Let’s say we have representations \rho:A:\rightarrow\hom_\mathbb{F}(V,V) and \sigma:A\rightarrow\hom_\mathbb{F}(W,W). That is, we have functors \rho and \sigma with \rho(*)=V, \sigma(*)=W — where * is the single object of A, when it’s considered as a category — and the given actions on morphisms. We want to consider a natural transformation \phi:\rho\rightarrow\sigma.

Such a natural transformation consists of a list of morphisms indexed by the objects of the category A. But A has only one object: *. Thus we only have one morphism, \phi_*, which we will just call \phi.

Now we must impose the naturality condition. For each arrow a:*\rightarrow * in A we ask that the diagram


commute. That is, we want \phi\circ\rho(a)=\sigma(a)\circ\phi for every algebra element a. We call such a transformation an “intertwiner” of the representations. These intertwiners are the morphisms in the category of \mathbf{Rep}(A) of representations of A. If we want to be more particular about the base field, we might also write \mathbf{Rep}_\mathbb{F}(A).

Here’s another way of putting it. Think of \phi as a “translation” from V to W. If \phi is an isomorphism of vector spaces, for instance, it could be a change of basis. We want to take a transformation from the algebra A and apply it, and we also want to translate. We could first apply the transformation in V, using the representation \rho, and then translate to W. Or we could first translate from V to W and then apply the transformation, now using the representation \sigma. Our condition is that either order gives the same result, no matter which element of A we’re considering.

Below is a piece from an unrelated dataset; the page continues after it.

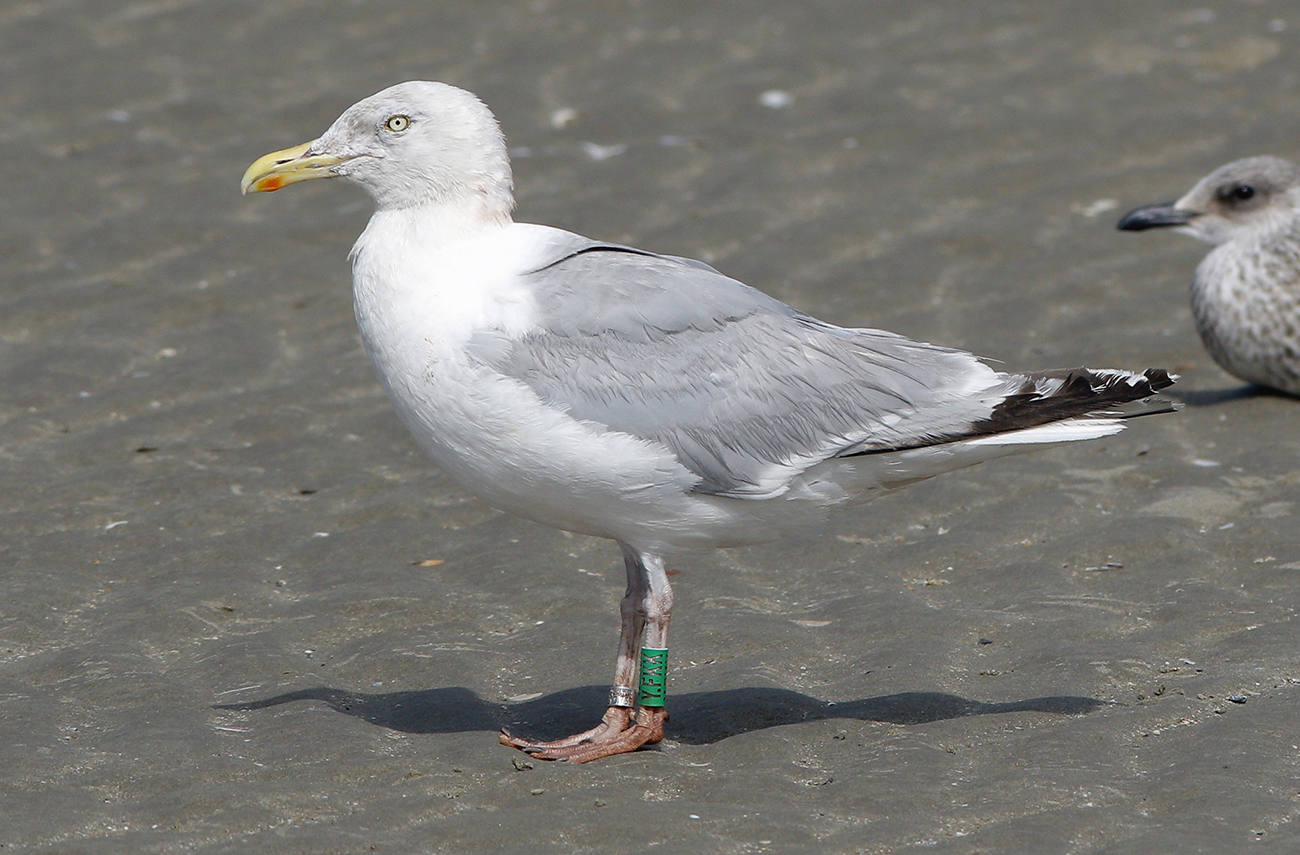 Herring Gull (argenteus) Y.FKK adult, 2025, IJmuiden, the Netherlands. Picture: IJmuiden Ringing Team.Ringed as breeding adult in season 2025 at Forteiland, IJmuiden. Ringed by Fred Cottaar ringing team. below: Herring Gull (argenteus) Y.FKK adult, August 09 2025, IJmuiden, the Netherlands. Picture: Mars Muusse.
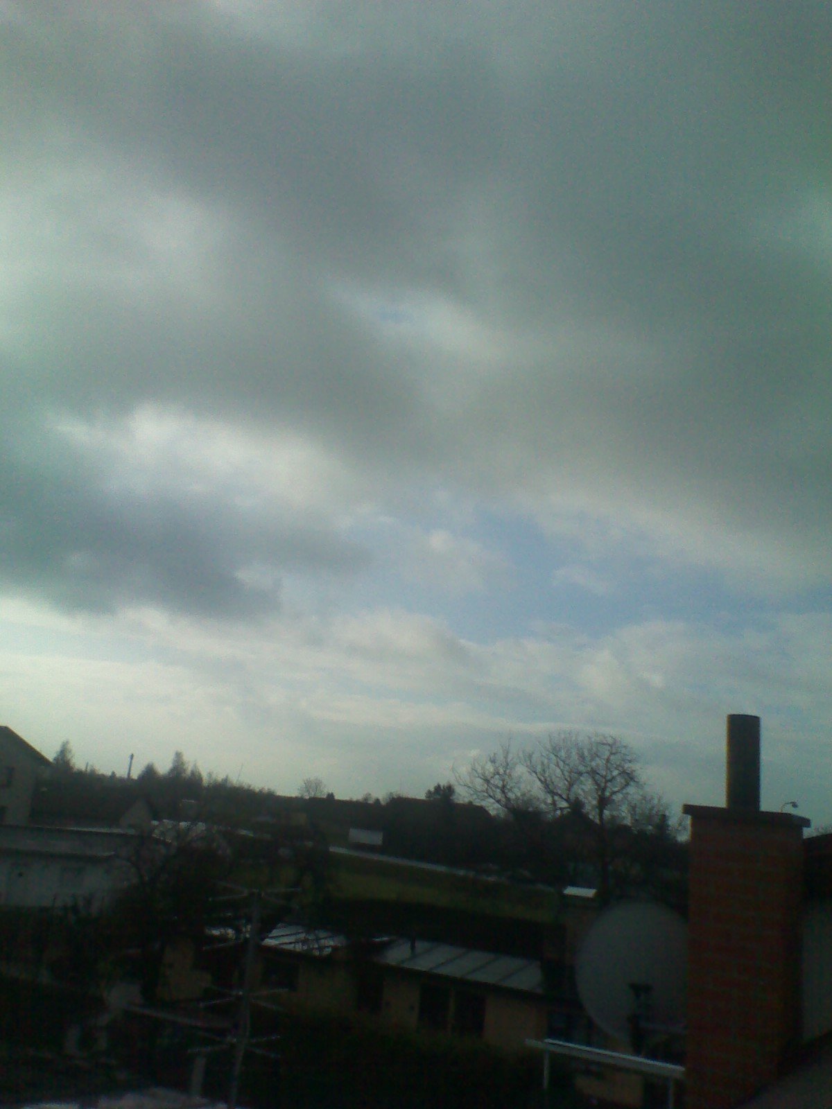 Občasné dešťové přeháňky,nyní oblačno,tlak 1015hPa,vlhkost 70%,žene se další přeháňka.

October 28, 2008 Posted by | Category theory, Group theory, Representation Theory, Ring theory | 8 Comments

Category Representations

We’ve seen how group representations are special kinds of algebra representations. But even more general than that is the representation of a category.

A group is a special monoid, within which each element is invertible. And a monoid is just a category with a single object. Similarly, an \mathbb{F}-algebra is just like a monoid but enriched over the category of vector spaces over \mathbb{F}. That is, it’s a one-object category with an \mathbb{F}-bilinear composition. It makes sense to regard both of these structures as categories of sorts. A representation will then be a functor from one of these categories.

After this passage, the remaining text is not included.